Cultural Fun: Ideas For Including Culture
by Wendi Capehart
A few years ago I participated in an online discussion with a woman who said that she wanted to work outside the home because her family wanted to provide extra cultural experiences for the children, and that could not be done on most single incomes. I'm not really sure what she meant - she was rather vague about it all. It's possible that the kinds of things she had in mind could not be done on one income. For my family, if it can't be done on one income, then we won't be doing it. But it's surprising what can be done on a limited single income.
Here are some ideas for including culture on a modest income.
Instead of eating out, fix a fancy dinner at home. Set the table with the best dishes and candles. Have everybody dress up and pretend to be eating out, practicing table and restaurant manners.
Invite people over often. Make sure to include interesting, fun people; eccentric, odd people; tourists and immigrants, and unusual people. Include old people with stories to tell and young people with dreams to share. Include missionaries, former and current. Include your minister and the elders of your church. Ask for stories of faith, stories of when God blessed them, and stories of dark days.
Art museums often have free days. Check out the one nearest you. We've often taken advantage of this, even when the museum was an hour or two away. We packed a nice picnic lunch and ate at a park when the weather was nice, in the car on the way home if it wasn't. Always keep your eyes open for free or inexpensive attractions.
We buy a year's family pass to a different attraction each year. It may be the zoo, the children's museum, the children's theater, or the symphony. We can't afford to do them all at once, and with a family our size the cost of a yearly pass is seldom more than it would cost us to get in once, so we choose one each year and immerse ourselves in that one, attending at least a dozen times a year.
Study another country/culture in our homeschool once a year, learning the customs, meals, holidays, and so on, and incorporating something of your studies into your daily lives.
We study art and artists using old art calendars. We hang works by a particular artist each month, discussing the paintings and the artists.
Take advantage of NPR and other radio stations. Listen to classical music all the time, studying the lives of composers at the same time.
Call local colleges and ask if there are any international students who would like a home-cooked meal with an American family.
Volunteer at the nursing home. We have met natives of several different European countries in a small Midwestern nursing home (I won't embarrass myself by trying to spell them).

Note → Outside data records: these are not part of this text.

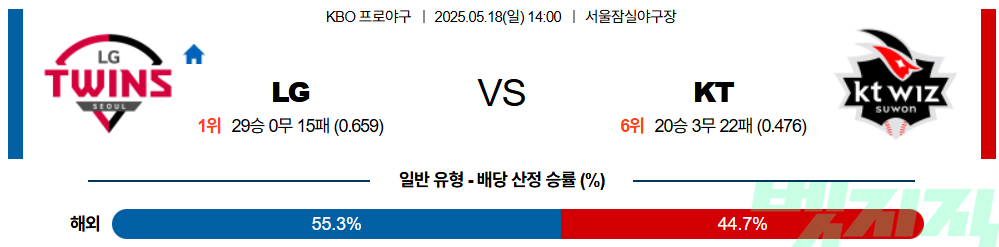 5월 18일 야구중계 LG KT KBO 스포츠분석
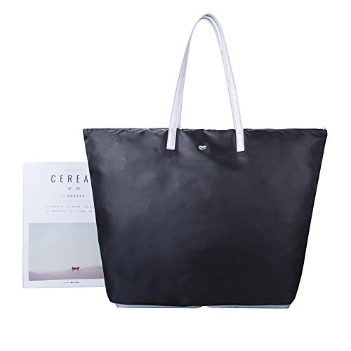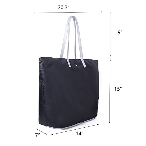 This lightweight tote with vegan saffiano leather accents ingeniously packs into its own hard-shell base with zip-around closure.
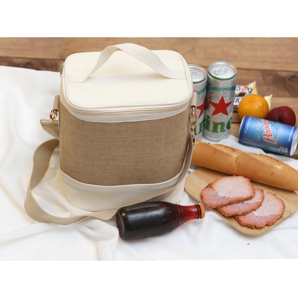 Descripción: Hielera fabricada en algodón y yute, con relleno de espuma de polietileno y forro elaborado en PEVA con correa.
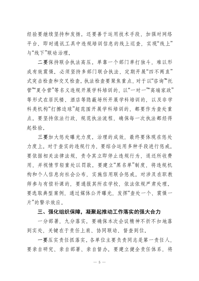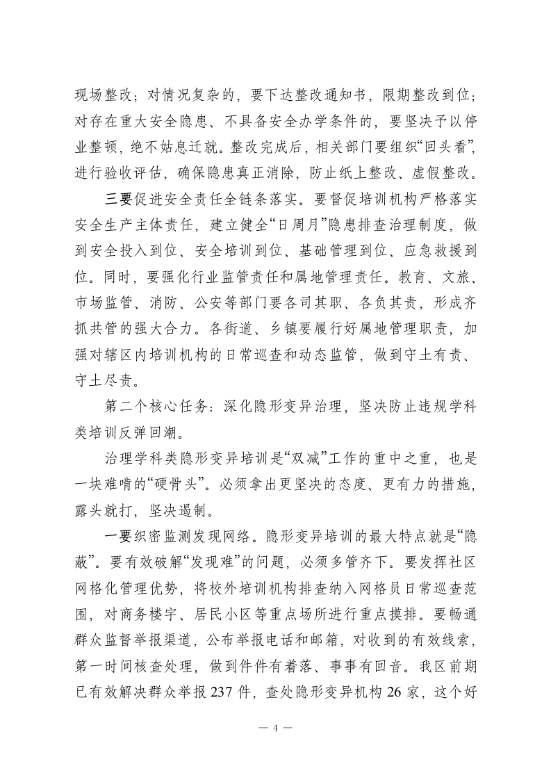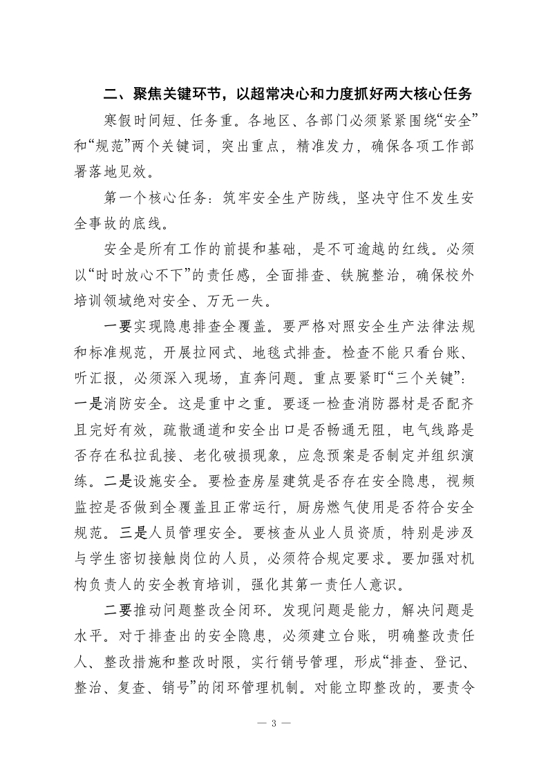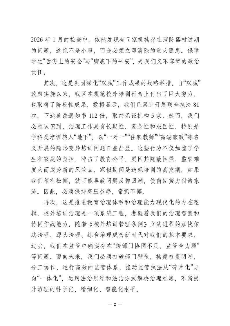 在XX区2026年寒假校外培训机构安全生产暨治理工作部署会上的讲话同志们:今天,我们在这里召开全区寒假校外培训机构安全生产暨治理工作部署会,主要任务是深入贯彻落实上级相关会议精神,分析当前我区面临的形势与挑战,对寒假期间的重点工作进行全面部署。刚才,相关部门已经传达了有关文件精神,提出了具体要求,我都同意。下面,我再强调三点意见。一、提高政治站位,深刻认识新形势下校外培训治理的极端重要性校外培训治理工作,事关立德树人根本任务,事关广大学生和家庭的切身利益,事关社会和谐稳定大局。当前,正值2026年寒假的关键节点,学生假期安全和“双减”工作成果巩固面临新的考验,我们必须从政治和全局的高度,充分认识到抓好这项工作的特殊重要性和现实紧迫性。首先,这是践行以人民为中心发展思想的必然要求。学生的安全与健康成长,是每一个家庭最大的期盼,也是我们一切工作的出发点和落脚点。校外培训机构作为重要的教育服务提供者,其安全状况直接关系到千家万户的幸福安宁。近期,全国范围内一些安全事故的发生,为我们敲响了警钟。我们必须清醒地看到,校外培训机构作为人员密集场所,普遍存在消防安全主体责任不落实、设施器材管理不规范、从业人员应急能力不足等风险。XX区虽然在前期排查中取得了一定成效,但在—1
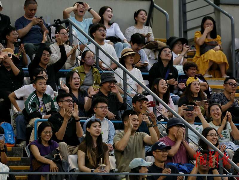 9月29日,北京国家网球中心,观众为佩古拉和拉杜卡努的精彩对决欢呼。中青报•中青网记者 曲俊燕/摄
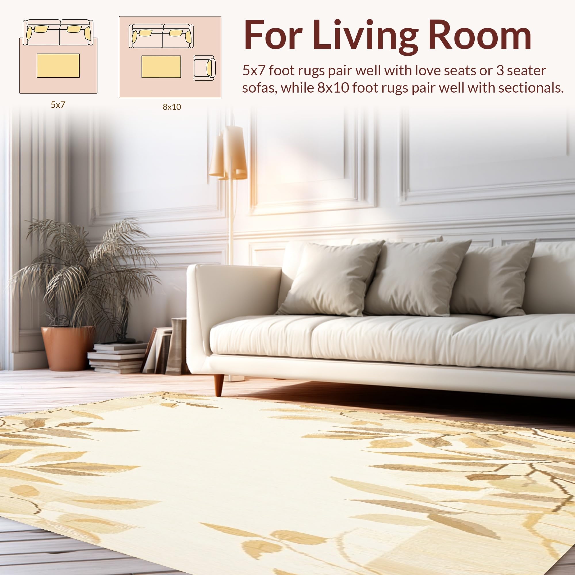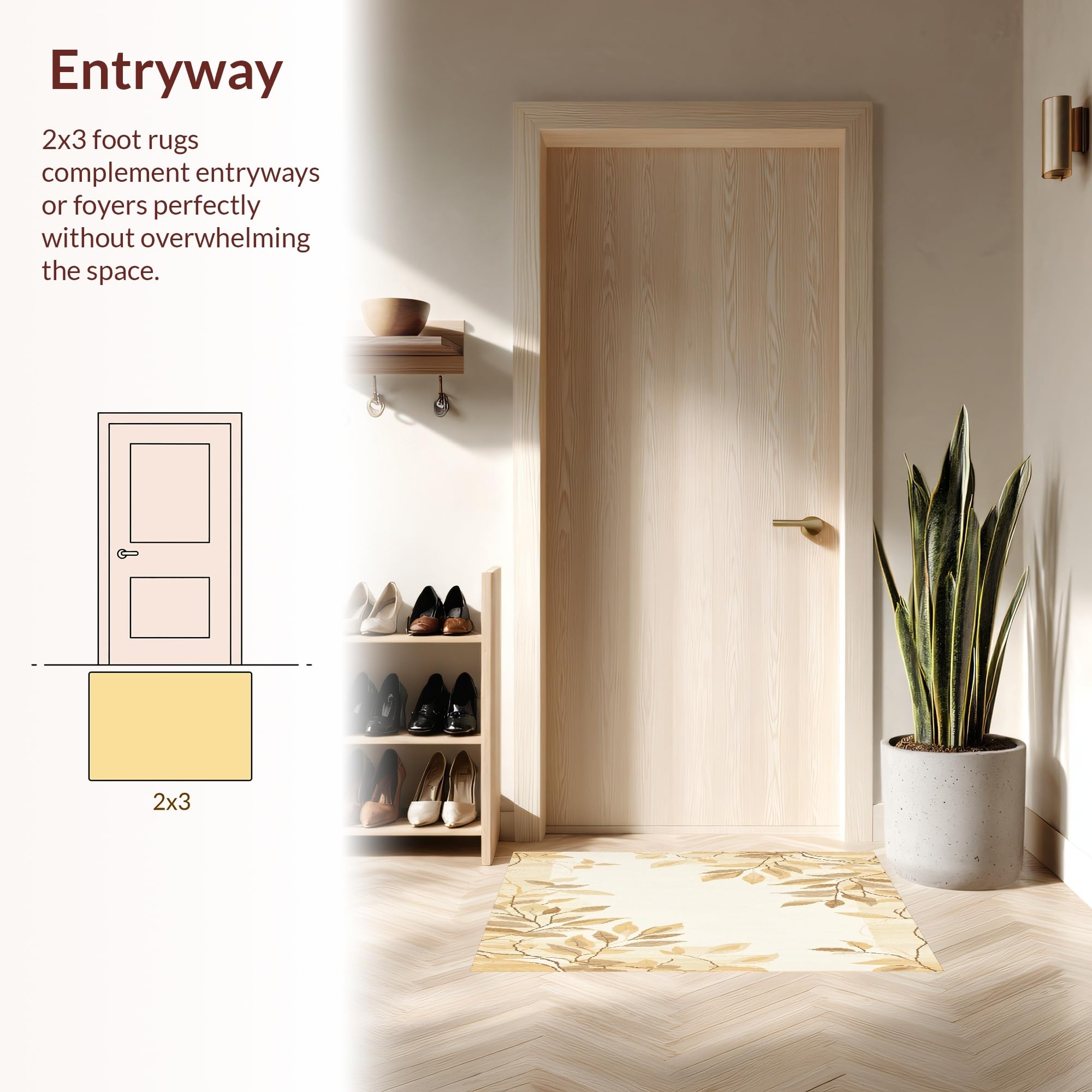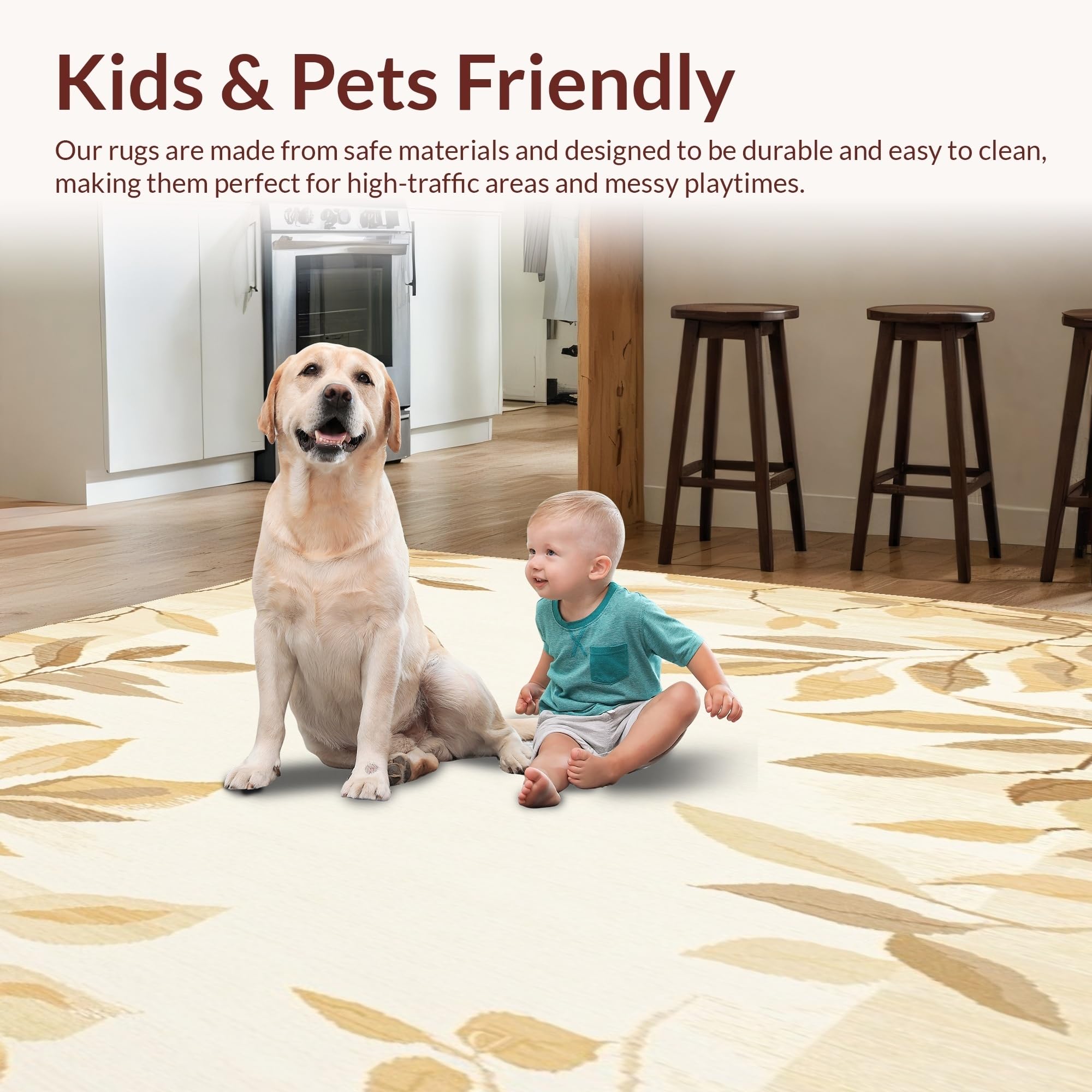 Ultra Soft Area Rug, Non Slip, Stain Resistant, Washable Area Rugs for Living Room, Bedroom, Artisan Leaf Motif Area Non Slip Decorative Duo(Beige) Overview:
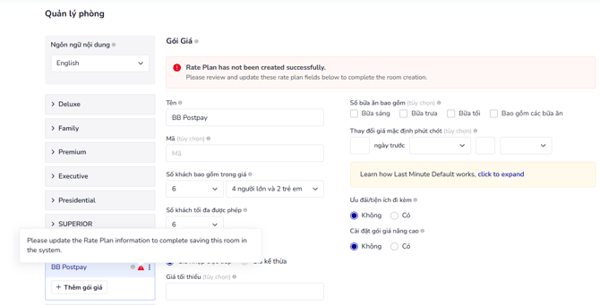 Sau khi hệ thống tạo xong phòng/gói giá, bạn phải vào trang Quản lý phòng bằng cách nhấp “Đi tới thiết lập phòng” trong cửa sổ thông báo để bổ sung các thông tin còn thiếu.
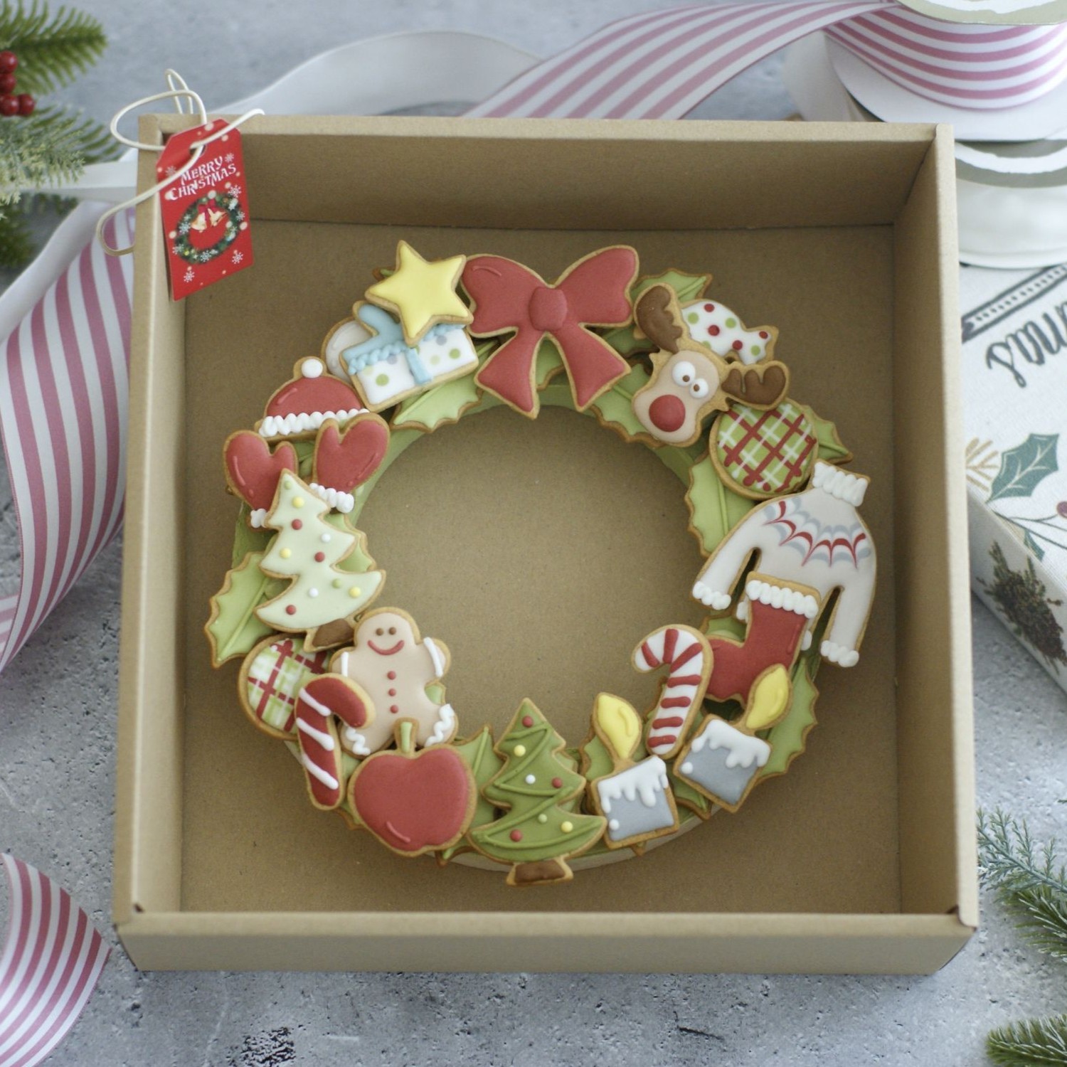 楽しみなホリデーシーズンを前にクリスマスを迎える準備を始めましょう。 クッキーにアイシングをして可愛いリースを組み立てます。アイシングするクッキーの枚数は少し多いですが、いずれもシンプルなデザインですので初 …

Read, read, read. Spend lots of time at the local library. Once we lived in a home that was not was not very near to any library. Paying the extra fee for a library card was my birthday present from husband and I loved it.
Every once in a while the older children and I get out the Shakespeare and read it aloud together, each taking a few parts.
My husband chooses a different classic to read aloud to the kidlets at bedtime. He's done Pilgrim's Progress, Farmer Boy, Bread and Butter Indian, some of the Childhood of Famous American books, and many, many more.
Vacations? As a military family every time we moved we tried to make part of the move include visiting an interesting spot. We did stay in two locations for five years each so we took lots of short jaunts to places of historical or environmental interest. We prefer camping to staying in motels (family size, again. With a family this large most hotels want us to pay for two rooms.
Have poetry recitations at home.
Plant a garden, perhaps an historical herb garden.
Collect sea shells, stones, or pressed flowers - label them with their Latin names.
Many libraries in larger cities like Chicago and Boston hold passes to museums and other educational attractions, and sign them out to local residents.
If you live near a college, look into their music and drama productions. Sometimes tickets are very inexpensive. Sometimes you can attend rehearsals for free.
Host a hymn singing.
And, as I said, read, read, read. Discuss what you read together. And then read some more.